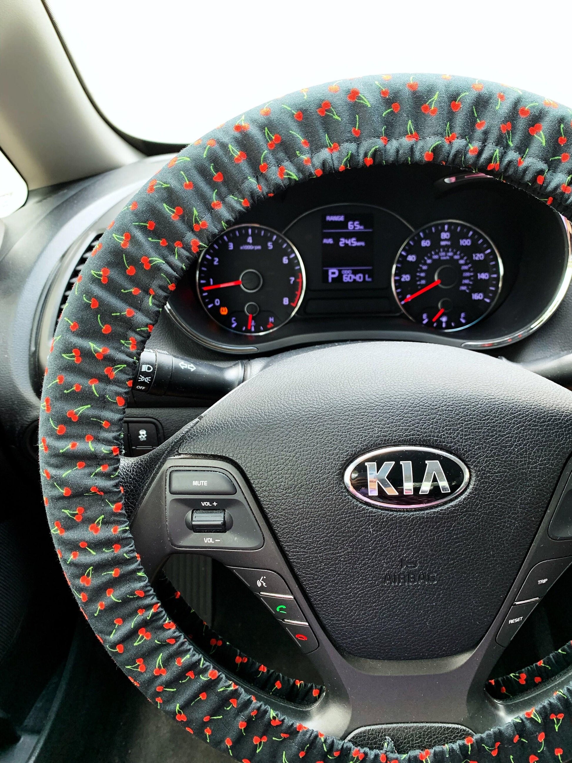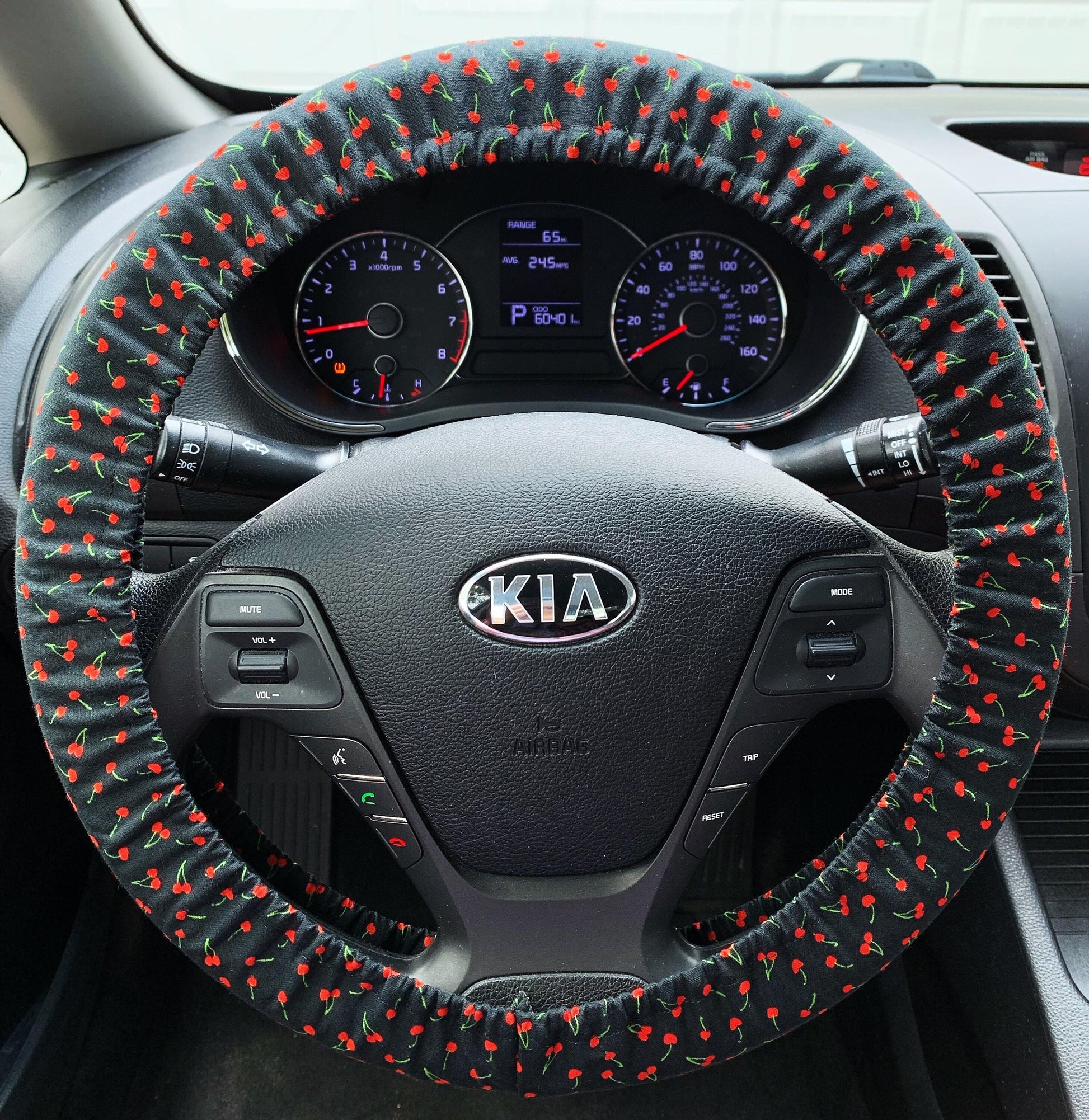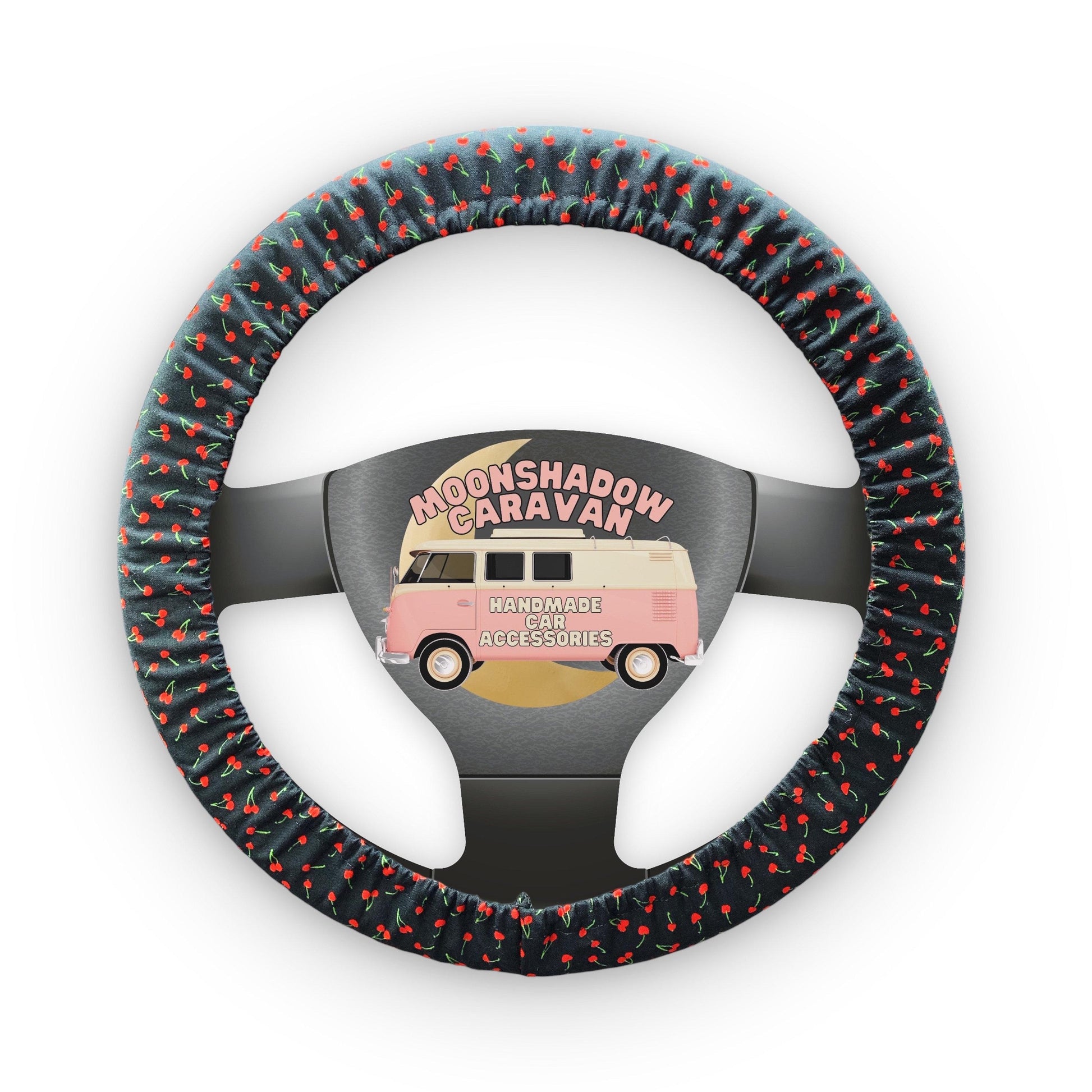 This tiny cherries on black handmade steering wheel cover is perfect for protecting your hands in cold and hot weather! Simply select your size for a custom fit and add some personality to your ride!
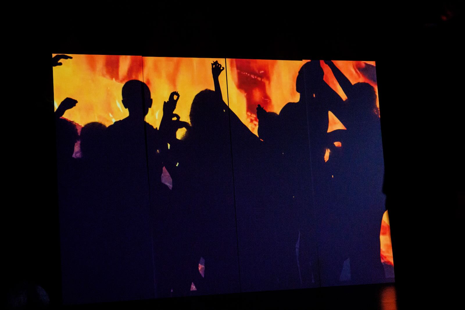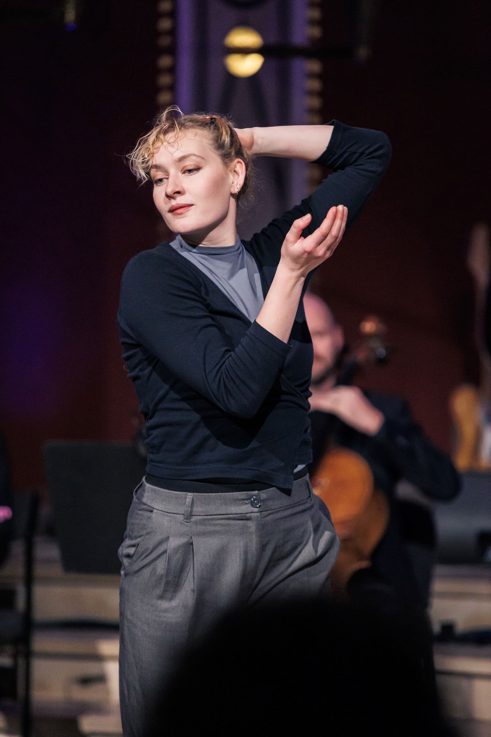 Diesem Ziele dient auch die choreographische Inszenierung des a-cappella-Werkes. Die Bilder, die sonst v.a. vor dem geistigen Auge des Zuhörers entstehen, werden in dieser Aufführung durch abstrakte Bilder der Choreographie ergänzt und intensiviert.
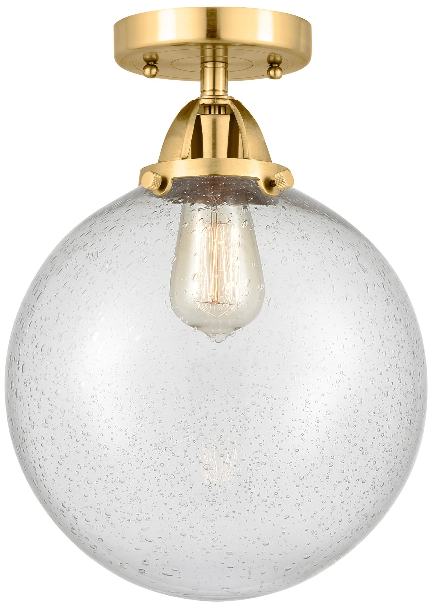 Nouveau 2 Beacon 10" Semi-Flush Mount - Satin Gold - Seedy Shade
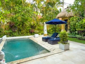 This perfect example of villas in Seminyak with private pool is situated down a quiet gang off Jalan. Kayu Aya (Laksmana, or ‘Eat Street’), called Gang Bugis. A short walk will bring you into the centre of Seminyak, a fashionable area with an abundance of boutique shopping options, as well as numerous restaurants, spas, art galleries boutique shops and nightclubs. The beach is only a 15 minute walk from the villa, which is the perfect place to enjoy a stunning sunset. The villa is an oasis nestled in a quiet lane but conveniently only a stroll to everything you’ll need to make your holiday perfect.
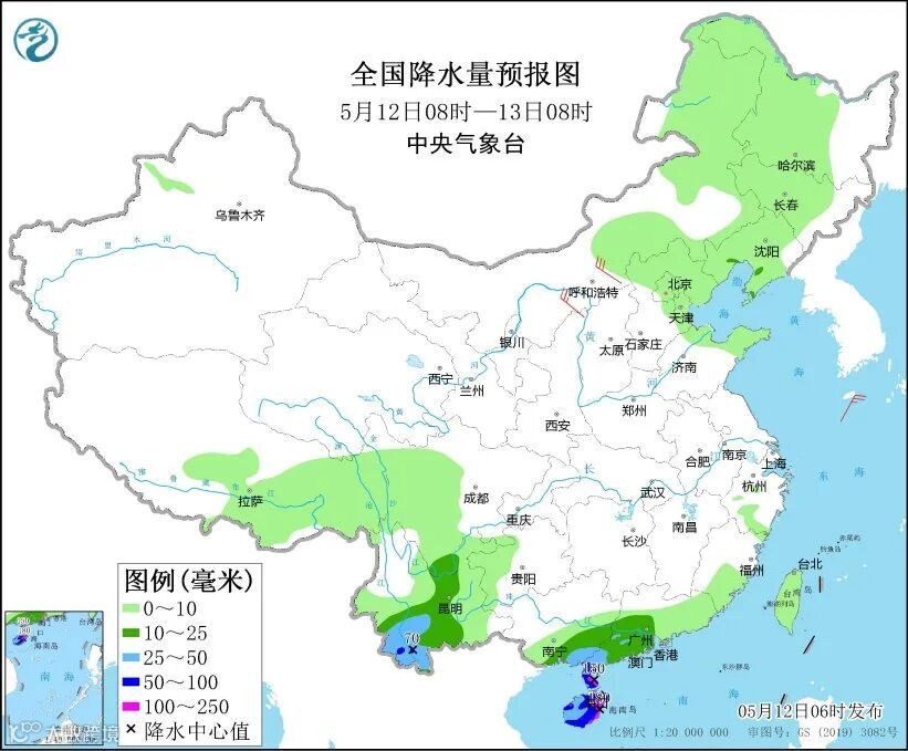 12日至13日,广东中西部、广西东部、海南岛、云南西部和南部等地的部分地区有中到大雨,局地有暴雨或大暴雨。上述局部地区伴有短时强降水(小时降雨量30~50毫米,局地可超过60毫米),云南南部等地的局地有雷暴大风或冰雹等强对流天气。
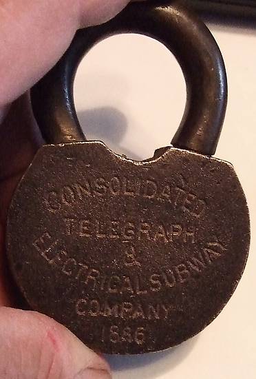 dated 1886 brass "figure 8" lock w/key. I found this lock with the matching key in an Antique Mall today. So far the best find of 2015 ....
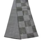 美品 半幅帯 名品 市松 麻の葉 灰色 正絹 中古
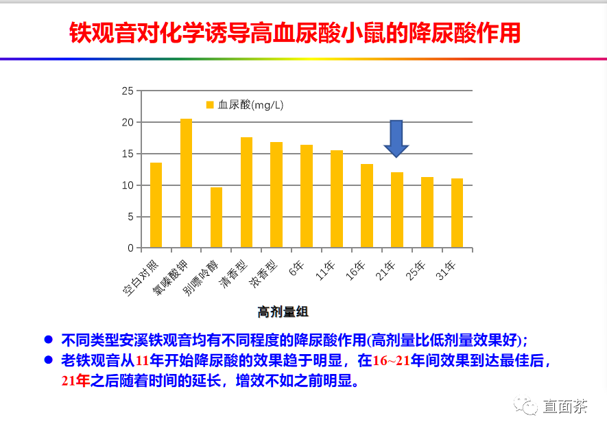 再看看陈年老铁对降尿酸的功效,数据显示11年陈的老铁效果开始显现,16-21年陈的效果最佳,当然,高剂量的效果强于低剂量的效果。
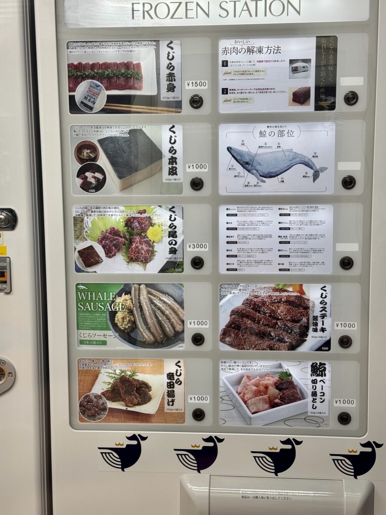 We enjoy a Snickers (51g for about 70 pence so not too bad) and then a machine vending frozen fish including whale sausage!
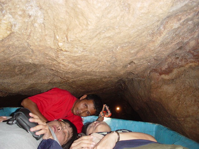 | 驚いたのはここから、突如寝ろと言う、何の事か分からずモタモタしているとボートは水面から4~50Cm程の穴に入って行くらしい、慌てて皆がボートの中で仰向けになる、当然船頭達も仰向けになり手で顔面上の岩肌を押してボートを進める、時々船頭の持っている懐中電灯が消えて真っ暗、船べり船底は岩に擦れている、どのくらいの時間が経ったんだろうか外の光が見えた時は正直ホットしました。 |
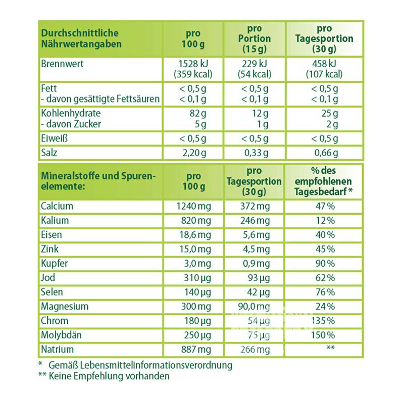 製品パラメータ 成分:マルトースデキストリン、クエン酸カルシウム、クエン酸ナトリウム、クエン酸カリウム、Magnesiumdicitrat、鉄(II)硫酸塩、放出剤(シリカ)、酸化亜鉛、銅(II)、硫酸クロム(III)、塩化モリブデン酸ナトリウム、ヨウ化カリウム、セレン酸ナトリウム。 ヒトに適した:成人 純含有量: 250 g 使用方法m−hは、毎日朝晩各1回、毎回約15 g、水で攪拌し、1−2分後に飲用する。 注意事項: 1.本品は推奨量を超えたり、同類の栄養補給剤と同時に食べたりしてはいけない。 2.子供が触れるところに置かないでください。 3.光を避け、乾燥し、25度以下の場所に保管してください。 4.本品は食事栄養補給剤である。本品は薬の代わりにならない。 販売地:Germany/ドイツ ブランド:altapharma |
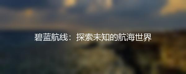 碧蓝航线:探索未知的航海世界

### TASK DIRECTIONS
Beginning with the line that contains "We enjoy a Snickers" and ending with the last line of the data, transcribe each line exactly; pictures stay out.

### ANSWER SPACE
 We enjoy a Snickers (51g for about 70 pence so not too bad) and then a machine vending frozen fish including whale sausage!
 | 驚いたのはここから、突如寝ろと言う、何の事か分からずモタモタしているとボートは水面から4~50Cm程の穴に入って行くらしい、慌てて皆がボートの中で仰向けになる、当然船頭達も仰向けになり手で顔面上の岩肌を押してボートを進める、時々船頭の持っている懐中電灯が消えて真っ暗、船べり船底は岩に擦れている、どのくらいの時間が経ったんだろうか外の光が見えた時は正直ホットしました。 |
 製品パラメータ 成分:マルトースデキストリン、クエン酸カルシウム、クエン酸ナトリウム、クエン酸カリウム、Magnesiumdicitrat、鉄(II)硫酸塩、放出剤(シリカ)、酸化亜鉛、銅(II)、硫酸クロム(III)、塩化モリブデン酸ナトリウム、ヨウ化カリウム、セレン酸ナトリウム。 ヒトに適した:成人 純含有量: 250 g 使用方法m−hは、毎日朝晩各1回、毎回約15 g、水で攪拌し、1−2分後に飲用する。 注意事項: 1.本品は推奨量を超えたり、同類の栄養補給剤と同時に食べたりしてはいけない。 2.子供が触れるところに置かないでください。 3.光を避け、乾燥し、25度以下の場所に保管してください。 4.本品は食事栄養補給剤である。本品は薬の代わりにならない。 販売地:Germany/ドイツ ブランド:altapharma |
 碧蓝航线:探索未知的航海世界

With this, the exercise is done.